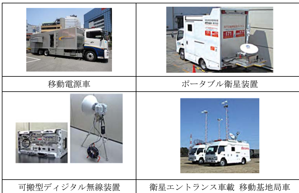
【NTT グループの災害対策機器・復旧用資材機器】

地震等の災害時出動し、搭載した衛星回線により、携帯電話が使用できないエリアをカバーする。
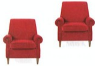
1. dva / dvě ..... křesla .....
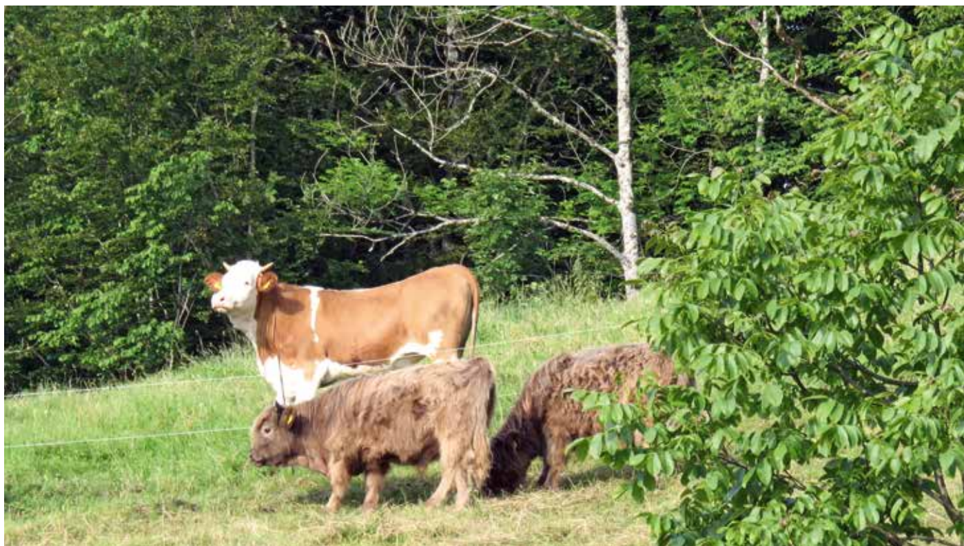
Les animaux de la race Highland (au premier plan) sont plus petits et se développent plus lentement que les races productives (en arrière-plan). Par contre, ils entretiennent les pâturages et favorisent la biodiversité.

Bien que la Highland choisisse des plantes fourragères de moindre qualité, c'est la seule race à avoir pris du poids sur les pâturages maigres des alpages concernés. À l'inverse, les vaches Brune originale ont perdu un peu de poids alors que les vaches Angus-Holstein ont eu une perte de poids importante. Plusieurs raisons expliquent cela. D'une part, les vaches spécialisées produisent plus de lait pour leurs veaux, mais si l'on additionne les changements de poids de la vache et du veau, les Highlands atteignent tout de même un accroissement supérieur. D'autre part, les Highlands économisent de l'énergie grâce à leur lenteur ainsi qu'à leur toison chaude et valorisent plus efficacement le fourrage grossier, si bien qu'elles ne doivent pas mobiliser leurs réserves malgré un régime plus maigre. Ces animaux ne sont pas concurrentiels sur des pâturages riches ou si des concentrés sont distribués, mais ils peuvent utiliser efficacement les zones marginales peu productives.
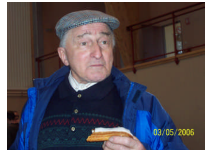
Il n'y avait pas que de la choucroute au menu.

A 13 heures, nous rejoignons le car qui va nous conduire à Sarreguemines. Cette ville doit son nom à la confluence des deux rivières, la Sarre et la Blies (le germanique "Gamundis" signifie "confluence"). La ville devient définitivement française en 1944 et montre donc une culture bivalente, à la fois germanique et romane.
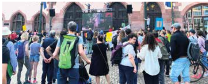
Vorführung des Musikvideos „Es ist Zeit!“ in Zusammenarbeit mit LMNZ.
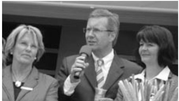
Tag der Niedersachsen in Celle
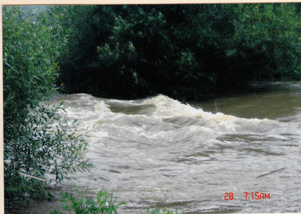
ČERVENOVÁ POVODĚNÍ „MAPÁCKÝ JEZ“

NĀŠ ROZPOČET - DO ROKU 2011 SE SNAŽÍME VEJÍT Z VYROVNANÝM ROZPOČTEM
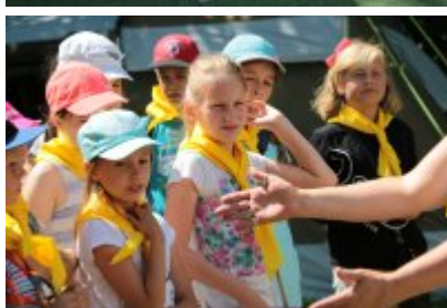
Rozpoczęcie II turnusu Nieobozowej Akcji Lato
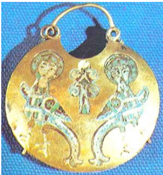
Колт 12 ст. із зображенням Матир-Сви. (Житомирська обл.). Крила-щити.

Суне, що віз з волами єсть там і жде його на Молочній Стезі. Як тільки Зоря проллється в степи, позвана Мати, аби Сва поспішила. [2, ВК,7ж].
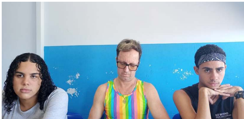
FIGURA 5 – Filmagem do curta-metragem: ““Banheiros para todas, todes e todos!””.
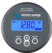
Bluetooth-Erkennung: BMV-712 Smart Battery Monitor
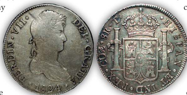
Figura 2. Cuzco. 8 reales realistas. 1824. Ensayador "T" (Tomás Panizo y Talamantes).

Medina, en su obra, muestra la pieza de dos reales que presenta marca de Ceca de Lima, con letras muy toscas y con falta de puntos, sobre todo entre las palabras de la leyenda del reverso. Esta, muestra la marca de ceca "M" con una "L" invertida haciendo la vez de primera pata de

= TASK DIRECTIONS =
Look for the line that contains "FIGURA 5 – Filmagem", then please copy it and the rest of the lines through the end of the data, pictures excluded.

= SOLUTION TO THIS EXERCISE =
FIGURA 5 – Filmagem do curta-metragem: ““Banheiros para todas, todes e todos!””.
Bluetooth-Erkennung: BMV-712 Smart Battery Monitor
Figura 2. Cuzco. 8 reales realistas. 1824. Ensayador "T" (Tomás Panizo y Talamantes).

Medina, en su obra, muestra la pieza de dos reales que presenta marca de Ceca de Lima, con letras muy toscas y con falta de puntos, sobre todo entre las palabras de la leyenda del reverso. Esta, muestra la marca de ceca "M" con una "L" invertida haciendo la vez de primera pata de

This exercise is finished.